L’assenza dello slovacco si sente anche nei numeri con una media di 1.7 a partita contro i 2.3 ottenuti lo scorso con Hamsik presente nonostante un ruolo diverso e mai realmente assorbito. Infatti uno dei motivi che ha spinto lo slovacco ad andare via è stato anche dovuto ad una nuova posizione in campo mai realmente accettata. Dopo l’addio di Jorginho, Ancelotti scelse lui come regista. L’allenatore era certo che lo slovacco potesse interpretare questo ruolo, ma alla fine la cessione in Cina interruppe il processo che comunque aveva mostrato diverse difficoltà.
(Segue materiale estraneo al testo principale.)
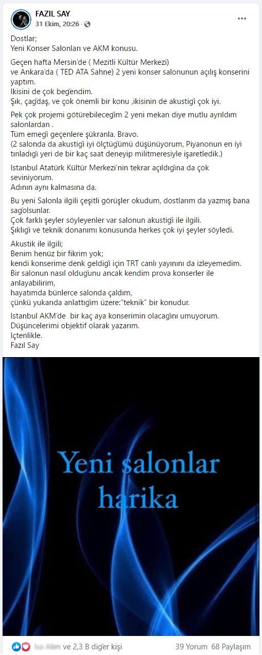 Paylaşımında, geçen hafta iki salonda açılış konserleri gerçekleştirdiğini belirten Say, "Geçen hafta Mersin'de (Mezitli Belediyesi Kültür Merkezi) ve Ankara'da (TED ATA Sahne) 2 yeni konser salonunun açılış konserini yaptım. Şık, çağdaş ve çok önemli bir konu; ikisinin de akustiği çok iyi. Pek çok projemi götürebileceğim iki yeni mekân diye mutlu ayrıldım salonlardan. Tüm emeği geçenlere şükranla. Bravo. (İki salonda da akustiği iyi ölçtüğümü düşünüyorum. Piyanonun en iyi tınladığı yeri de birkaç saat deneyip milimetresiyle işaretledik.)" ifadelerini kullandı.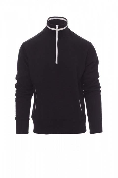 Bluza męska z krótkim plastikowym zamkiem błyskawicznym w kontrastowym kolorze, z metalowym suwakiem, kontrastowe wykończenie kołnierzyka i kieszeni bocznych. Dopasowane rękawy, elastyczny ściągacz w talii i na mankietach, wzmocnione szwy.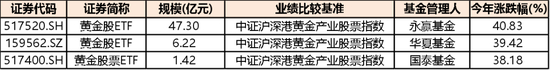 截至昨日,永赢基金的黄金股ETF(517520.SH)以40.8%的涨幅领跑,管理规模也最大,达47亿。华夏、国泰等跟踪相同指数的黄金股ETF的年内涨幅均超过30%,而跟踪黄金现货的黄金ETF整体涨幅维持在28%左右。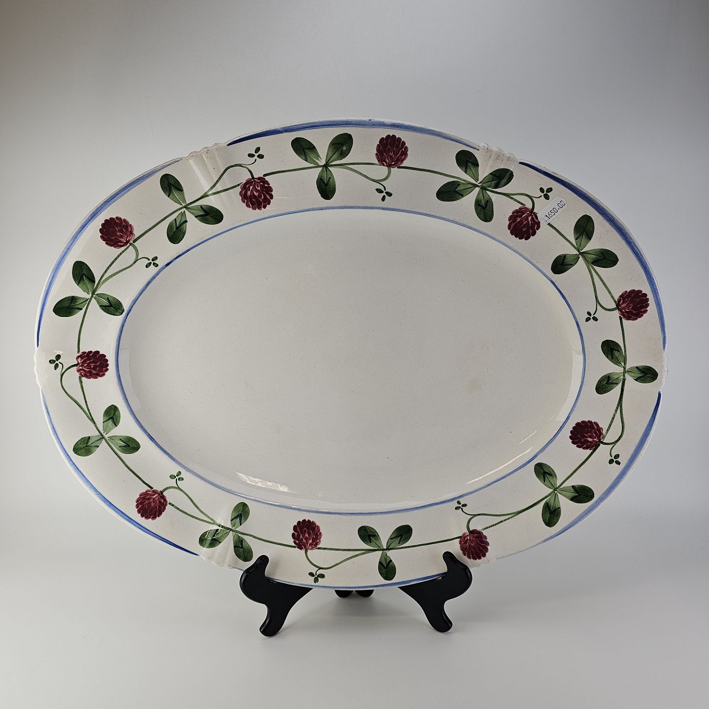 Beskrivelse: Ovalt fad i kunstfajance fra stellet Kløver. Nr. 181/359

Adesso i due pareggi consecutivi contro Genk e Torino hanno riacceso dibattiti, confronti e analisi. E c’è chi rimpiange proprio Marek Hamsik. Caso vuole che lo slovacco si faccia sentire, dopo mesi di silenzio, proprio in questi giorni. Il centrocampista a Sportmediaset ha annunciato che sarà presente in tribuna ad assistere alla sfida contro l’Atalanta. Hamsik inoltre conferma che l’addio al Napoli è stata una sua decisione e non esclude il ritorno. “Tornare per dare una mano? Difficile rispondere. Non lo escludo, ma devo dire di aver firmato per 3 anni in Cina”. Poi guarda in faccia alla realtà e ammette “Penso di rimanere lì”. La nostalgia c’è sempre, ma i contratti pesano e fanno piacere. Hamsik ha semplicemente capito quanto Napoli e il Napoli possano mancare con buona pace di chi auspica un suo ritorno decisamente impossibile.